Task description: Taking the line with "以温州大学为专利权人、戴瑜兴" as the first and the line with "2日下午,在潍坊市儿童福利院" as the last, set down the lines below exactly, pictures excluded.

Dataset extract:
========

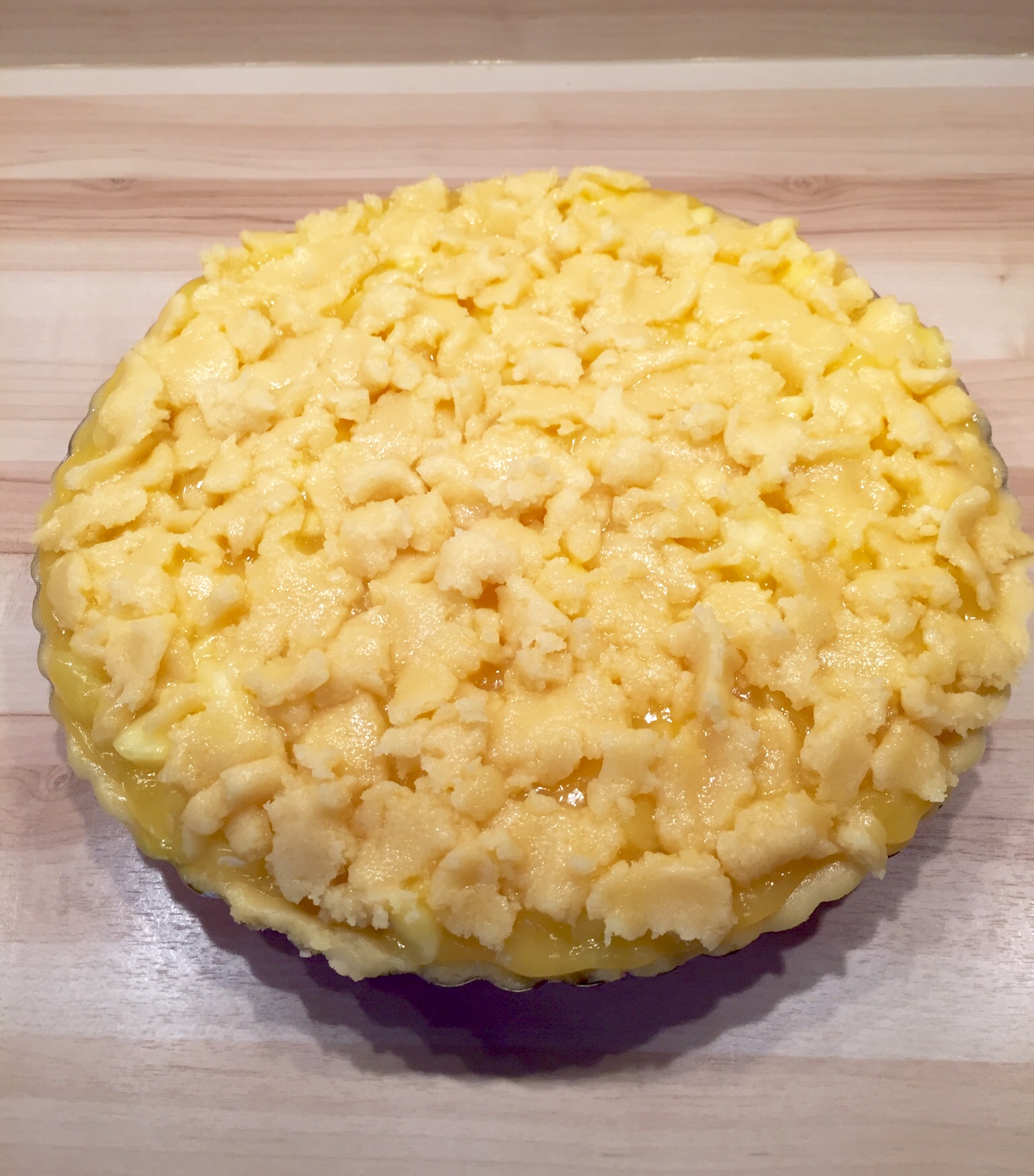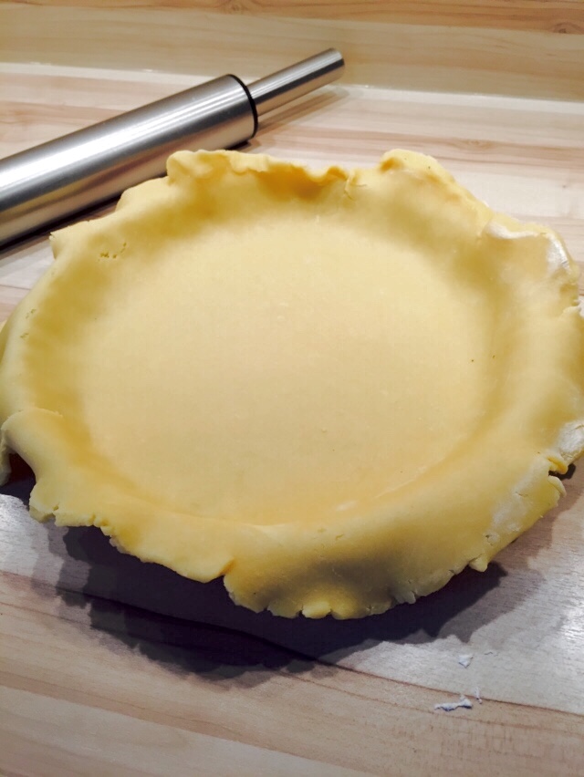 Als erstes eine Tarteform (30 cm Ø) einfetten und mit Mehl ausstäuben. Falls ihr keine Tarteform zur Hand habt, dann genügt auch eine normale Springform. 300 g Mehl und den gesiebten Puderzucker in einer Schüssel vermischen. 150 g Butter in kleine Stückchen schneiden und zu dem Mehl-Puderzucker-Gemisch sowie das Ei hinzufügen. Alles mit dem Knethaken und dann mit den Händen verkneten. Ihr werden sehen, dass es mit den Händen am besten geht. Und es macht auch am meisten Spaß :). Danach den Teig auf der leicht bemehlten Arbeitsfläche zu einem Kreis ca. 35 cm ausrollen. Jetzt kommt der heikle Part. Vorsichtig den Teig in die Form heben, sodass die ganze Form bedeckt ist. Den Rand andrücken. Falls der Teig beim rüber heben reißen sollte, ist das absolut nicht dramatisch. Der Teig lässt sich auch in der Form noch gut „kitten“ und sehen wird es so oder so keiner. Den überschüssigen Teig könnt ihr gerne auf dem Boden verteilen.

========

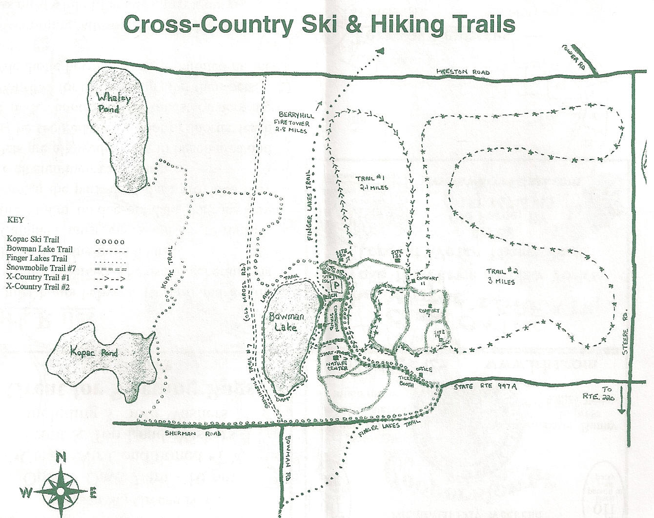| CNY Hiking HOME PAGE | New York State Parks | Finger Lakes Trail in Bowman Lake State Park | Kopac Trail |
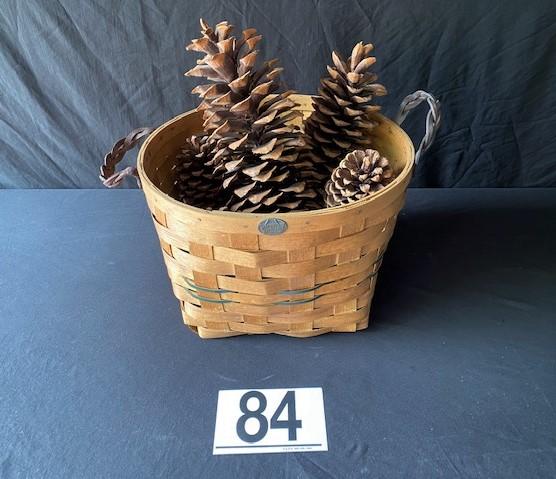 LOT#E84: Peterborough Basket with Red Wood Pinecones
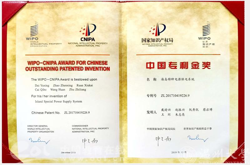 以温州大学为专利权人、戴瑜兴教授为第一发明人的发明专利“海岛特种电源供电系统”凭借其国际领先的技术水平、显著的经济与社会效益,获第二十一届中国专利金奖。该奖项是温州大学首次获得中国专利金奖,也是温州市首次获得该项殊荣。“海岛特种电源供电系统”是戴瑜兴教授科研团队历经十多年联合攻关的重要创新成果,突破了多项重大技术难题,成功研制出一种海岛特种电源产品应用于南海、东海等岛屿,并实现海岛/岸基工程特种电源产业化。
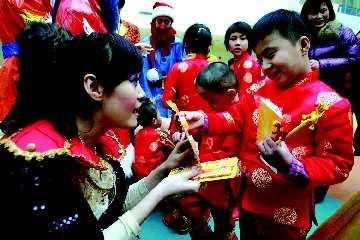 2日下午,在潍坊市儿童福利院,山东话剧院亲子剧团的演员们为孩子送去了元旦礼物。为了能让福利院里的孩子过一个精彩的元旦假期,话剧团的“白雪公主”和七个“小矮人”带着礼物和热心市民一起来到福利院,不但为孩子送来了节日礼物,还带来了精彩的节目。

========

Exercise result:
 以温州大学为专利权人、戴瑜兴教授为第一发明人的发明专利“海岛特种电源供电系统”凭借其国际领先的技术水平、显著的经济与社会效益,获第二十一届中国专利金奖。该奖项是温州大学首次获得中国专利金奖,也是温州市首次获得该项殊荣。“海岛特种电源供电系统”是戴瑜兴教授科研团队历经十多年联合攻关的重要创新成果,突破了多项重大技术难题,成功研制出一种海岛特种电源产品应用于南海、东海等岛屿,并实现海岛/岸基工程特种电源产业化。
 2日下午,在潍坊市儿童福利院,山东话剧院亲子剧团的演员们为孩子送去了元旦礼物。为了能让福利院里的孩子过一个精彩的元旦假期,话剧团的“白雪公主”和七个“小矮人”带着礼物和热心市民一起来到福利院,不但为孩子送来了节日礼物,还带来了精彩的节目。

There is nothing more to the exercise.